A harutils object exposing the helper functions.

Details

These helpers naturally fall into semantic groups rather than a single homogeneous toolbox.

Deviation measures

  • har_deviation_l1() and har_deviation_l2() aggregate magnitudes over vectors or over rows of matrices/data frames.

  • har_deviation_huber() applies the Huber loss, combining quadratic behavior near zero with linear growth in the tails. This makes the score less sensitive to extreme residual peaks than L2, while still differentiating moderate and large residuals more smoothly than L1.

  • They are typically used to transform residual series or reconstruction errors into a univariate score before thresholding.

Filter criteria

  • har_filter_none() disables thresholding.
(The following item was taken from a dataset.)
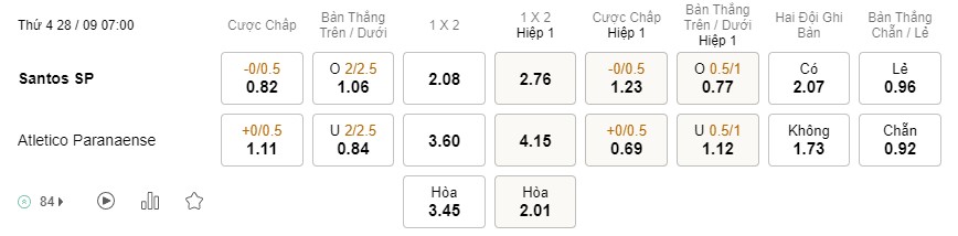 Soi kèo hiệp 1 Santos vs Athletico: 1.23*0/0.5*0.69

  • har_filter_boxplot() uses the boxplot/IQR rule.

  • har_filter_gaussian() uses the Gaussian 3-sigma rule.

  • har_filter_mad() uses a robust median-plus-MAD cutoff.

  • har_filter_grubbs() applies an iterative Grubbs test.
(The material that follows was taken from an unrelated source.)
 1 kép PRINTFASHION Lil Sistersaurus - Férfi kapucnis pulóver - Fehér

  • har_filter_ratio() applies a ratio-based threshold rule.

For har_filter_mad(), the residual center is estimated by the sample median and the scale by the median absolute deviation (MAD), rescaled by 1.4826 by default so that it is consistent with the standard deviation under Gaussian data. This makes the rule robust when the residual distribution is skewed or already contains a few extreme points.

For har_filter_grubbs(), the returned threshold attribute is an empirical detection boundary intended for interpretability in residual plots: it records the least extreme detected value on each side. This keeps the cutoff visually meaningful even though the Grubbs decision itself is iterative. The function also returns a score attribute with the Grubbs G statistic at each detected position and NA elsewhere.

Candidate selection

  • har_candidate_selection_firstgroup() keeps the first index in each contiguous outlier run.
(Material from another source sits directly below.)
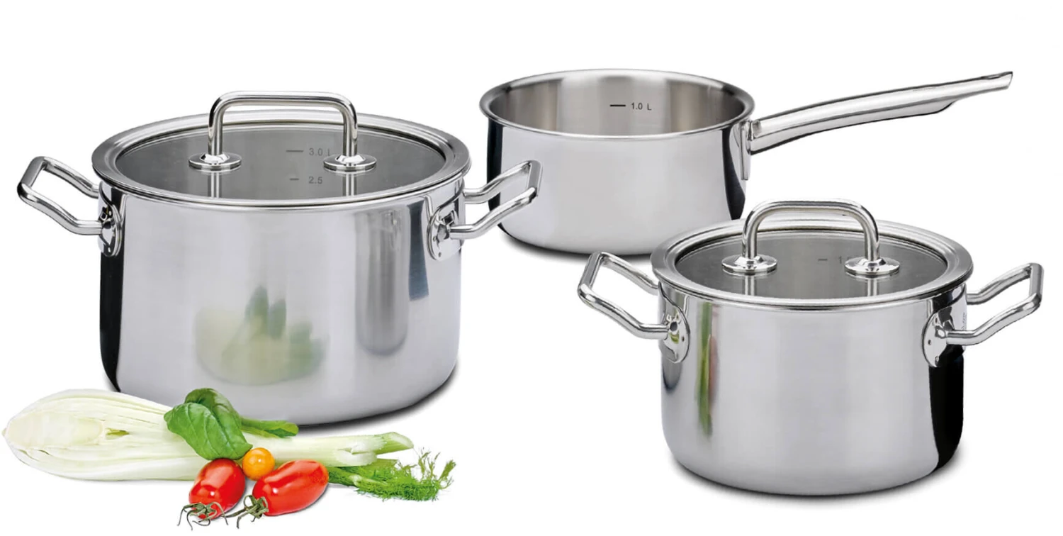 De Spring Brigade pannenset bestaat uit 2 kookpannen en een steelpan. De set is vervaardigd uit geborsteld roestvrij staal en heeft een aluminium kern voor een goede, gelijkmatige warmteverdeling. Gebruik de Spring pannen voor uw dagelijkse kookwerkzaamheden in de keuken. De kookpannen zijn voorzien van glazen deksels.

  • har_candidate_selection_highgroup() keeps the highest-magnitude index in each contiguous outlier run.

  • har_candidate_selection_referencedistribution() compares each candidate point in a contiguous run against the same reference window composed of the observations immediately preceding the start of that run. In the current implementation, the reference window is summarized by a Gaussian model, and points outside the accepted region remain marked. This lets sequence anomalies emerge naturally without collapsing the run to a single index. When there is not enough history to form the reference window, the first point of the run is kept.

  • har_fuzzify_detections_triangle() propagates a detection score around an event within a tolerance window.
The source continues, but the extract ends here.